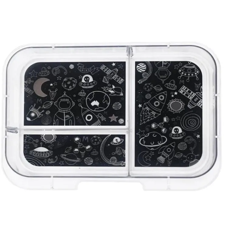 - The compartments of each tray in the Mini4, Midi5, Maxi6, Mega3 and Mega4 collections all correspond exactly with the patterned silicone lid and function seamlessly within the one outerbox!r
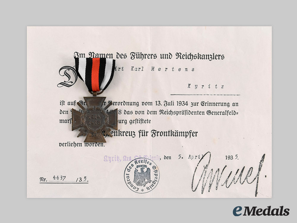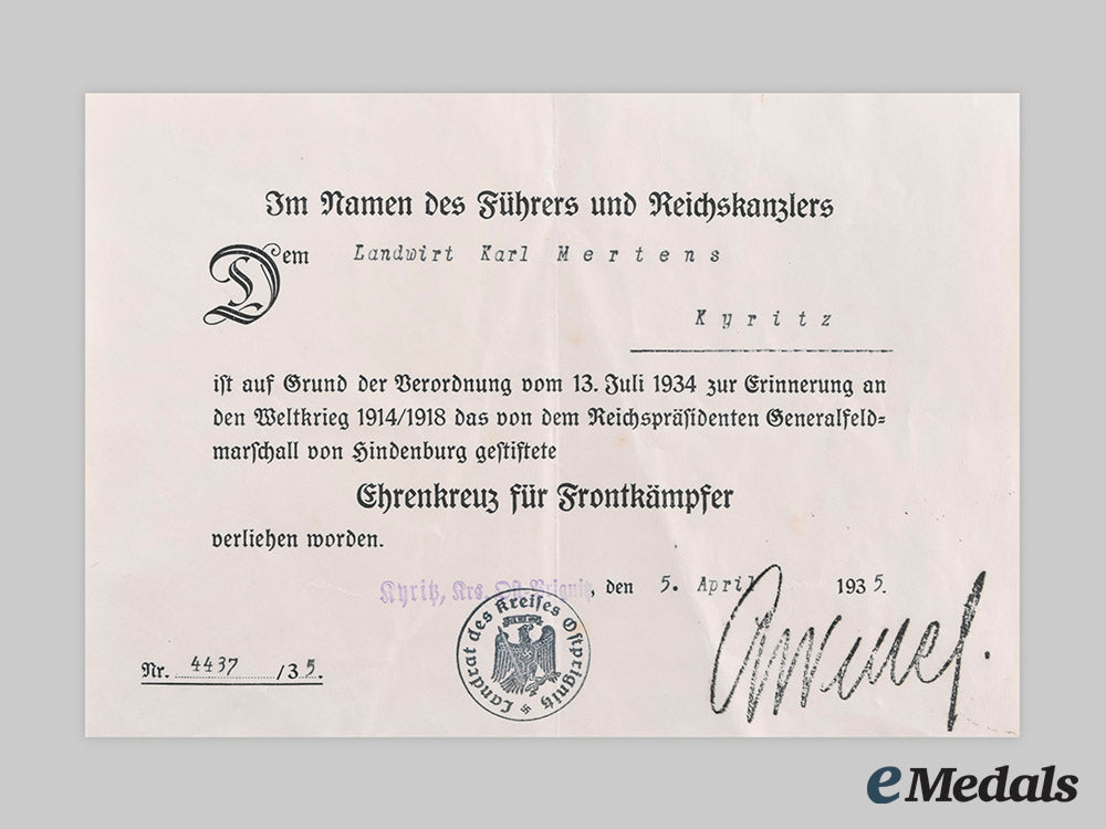 An Honour Cross of the World War 1914/1918 Award Document, on cream-coloured paper, awarded to the farmer Karl Mertens in Ostprignitz on 5 April 1935. The document is numbered “Nr. 4436/35”, stamped and signed. Presenting a single folding crease, with creasing throughout. Measuring 211 mm (w) x 149 mm (h), in overall extremely fine condition.
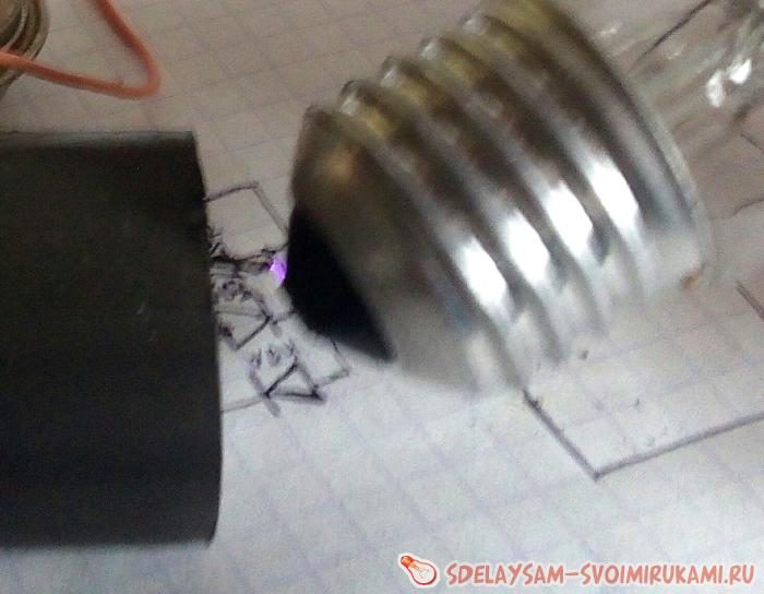 Когда всё готово, включаем трансформатор в сеть. При подведении к 7 контакту железных предметов появляются искры, с ними можно поэкспериментировать.
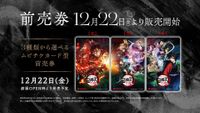 また、本作のムビチケ前売券(カード)が12月22日(金)より発売。ムビチケ前売券(カード)は、今回の上映のために描き下ろしたキービジュアルを使用した全3種類となっており、3種を合わせると1枚の絵としてつながるデザインに。さらに、アニプレックス オンライン(旧ANIPLEX+)にて「バンドルグッズ付きムビチケ」、ローソンにて「バンドルグッズ付きムビチケコンビニ券」が発売される。
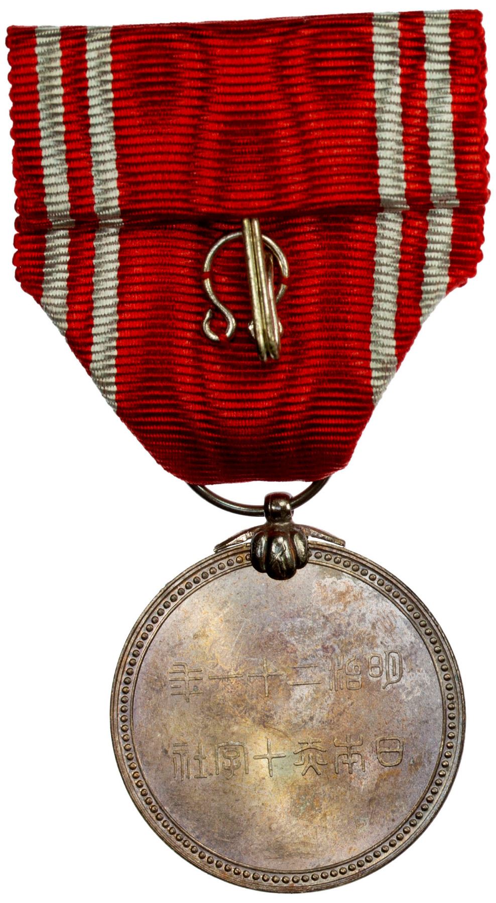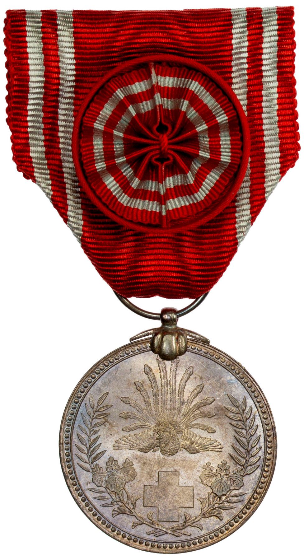 JAPAN: Meiji, 1868-1912, AR medal, year 21 (1888), Japanese Red Cross Society (Nippon Sekijujisha); Bamboo Paulownia (Kiri crest) wreath to the right and left of the Red Cross emblem, above a phoenix O-tori, all surrounded in a pearled border // MEIJI / NI / JU / ICHI / NEN / NIHON / SEKI / JU / JISHA in Japanese Kanji, Men's Special Membership Medal with large rosette on its original ribbon with hook and eye, likely issued in the Showa era, a gorgeous lustrous example! Brilliant Unc. The forerunner of the Japanese Red Cross Society, the Hakuaisha (Philanthropic Society) was founded in 1877 by Court Tsunetami Sano, to help those who were wounded in the Satsuma Rebellion earlier that year. Japan signed the Geneva Convention in 1886 and in the following year, the Hakuaisha changed its name to the Japanese Red Cross Society (Nippon Sekijujisha). It was recognized as such by the International Committee on the Red Crosson September 2, 1887. The medal was established in 1888 and comes in five classes: Member, Special Member, Life Member, Golden Special Member and Honorary Member.
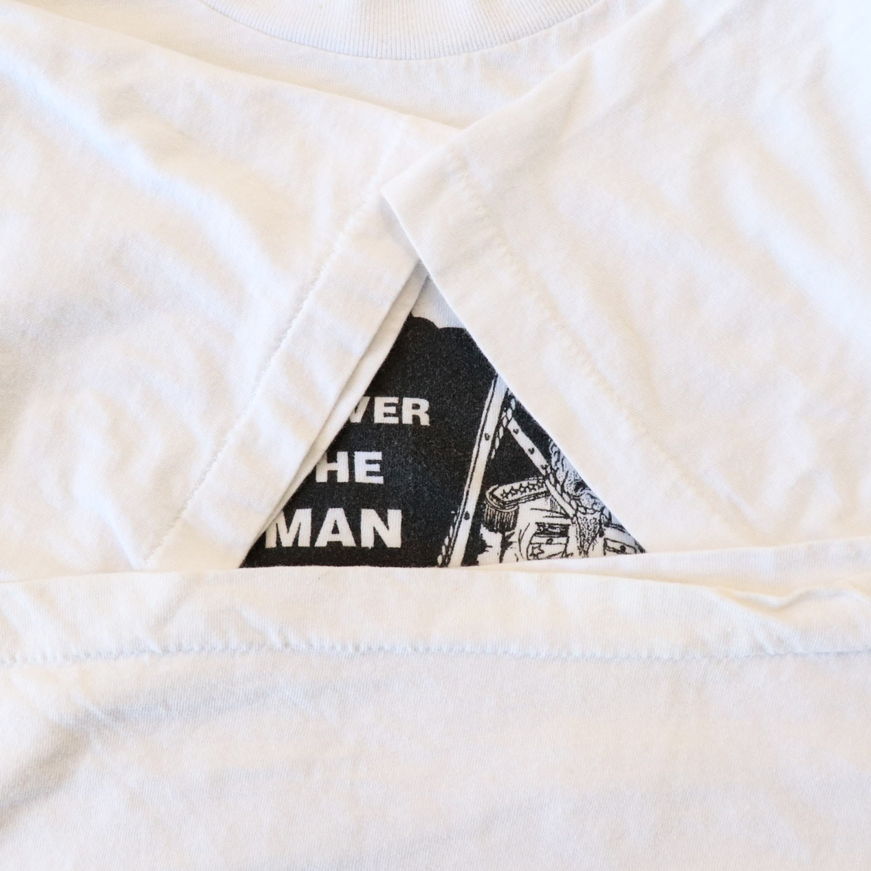 MODEL: SADDAM HUSSEIN T-Shirt MADE IN: U.S.A. AGE: 80's SIZE: L COLOR: ホワイト MATERIAL: コットン 100% COMMENT: 80年代 サダムフセイン Tシャツ フロントにラバープリント BVDボディ/レギュラーウェイト天竺 袖/裾ともにシングルステッチ ●BLOGでもご紹介しておりますので是非ご覧ください● SIZE DETAILS Size Chart 身幅: 55cm 着丈: 74cm 肩幅: 46cm 袖丈: 21cm ※着用モデル(男性): 身長176cm / 体重54kg CONDITION Condition Chart Rank "B" 着用感はあるが、汚れ・ダメージ・色褪せ等の無いまたは軽微な良好状態(下記詳細) ・全体: 着用感 ・袖: 左袖に軽微な汚れ ※その他詳細や詳しい画像をご覧になりたい場合はContact Formからお気軽にお問い合わせ下さい。

## Your objective
The line with "JAPAN: Meiji, 1868-1912, AR" marks the end: restate word for word every line from the top of the data through that one, omitting pictures.

## Result of this task
 - The compartments of each tray in the Mini4, Midi5, Maxi6, Mega3 and Mega4 collections all correspond exactly with the patterned silicone lid and function seamlessly within the one outerbox!r
 An Honour Cross of the World War 1914/1918 Award Document, on cream-coloured paper, awarded to the farmer Karl Mertens in Ostprignitz on 5 April 1935. The document is numbered “Nr. 4436/35”, stamped and signed. Presenting a single folding crease, with creasing throughout. Measuring 211 mm (w) x 149 mm (h), in overall extremely fine condition.
 Когда всё готово, включаем трансформатор в сеть. При подведении к 7 контакту железных предметов появляются искры, с ними можно поэкспериментировать.
 また、本作のムビチケ前売券(カード)が12月22日(金)より発売。ムビチケ前売券(カード)は、今回の上映のために描き下ろしたキービジュアルを使用した全3種類となっており、3種を合わせると1枚の絵としてつながるデザインに。さらに、アニプレックス オンライン(旧ANIPLEX+)にて「バンドルグッズ付きムビチケ」、ローソンにて「バンドルグッズ付きムビチケコンビニ券」が発売される。
 JAPAN: Meiji, 1868-1912, AR medal, year 21 (1888), Japanese Red Cross Society (Nippon Sekijujisha); Bamboo Paulownia (Kiri crest) wreath to the right and left of the Red Cross emblem, above a phoenix O-tori, all surrounded in a pearled border // MEIJI / NI / JU / ICHI / NEN / NIHON / SEKI / JU / JISHA in Japanese Kanji, Men's Special Membership Medal with large rosette on its original ribbon with hook and eye, likely issued in the Showa era, a gorgeous lustrous example! Brilliant Unc. The forerunner of the Japanese Red Cross Society, the Hakuaisha (Philanthropic Society) was founded in 1877 by Court Tsunetami Sano, to help those who were wounded in the Satsuma Rebellion earlier that year. Japan signed the Geneva Convention in 1886 and in the following year, the Hakuaisha changed its name to the Japanese Red Cross Society (Nippon Sekijujisha). It was recognized as such by the International Committee on the Red Crosson September 2, 1887. The medal was established in 1888 and comes in five classes: Member, Special Member, Life Member, Golden Special Member and Honorary Member.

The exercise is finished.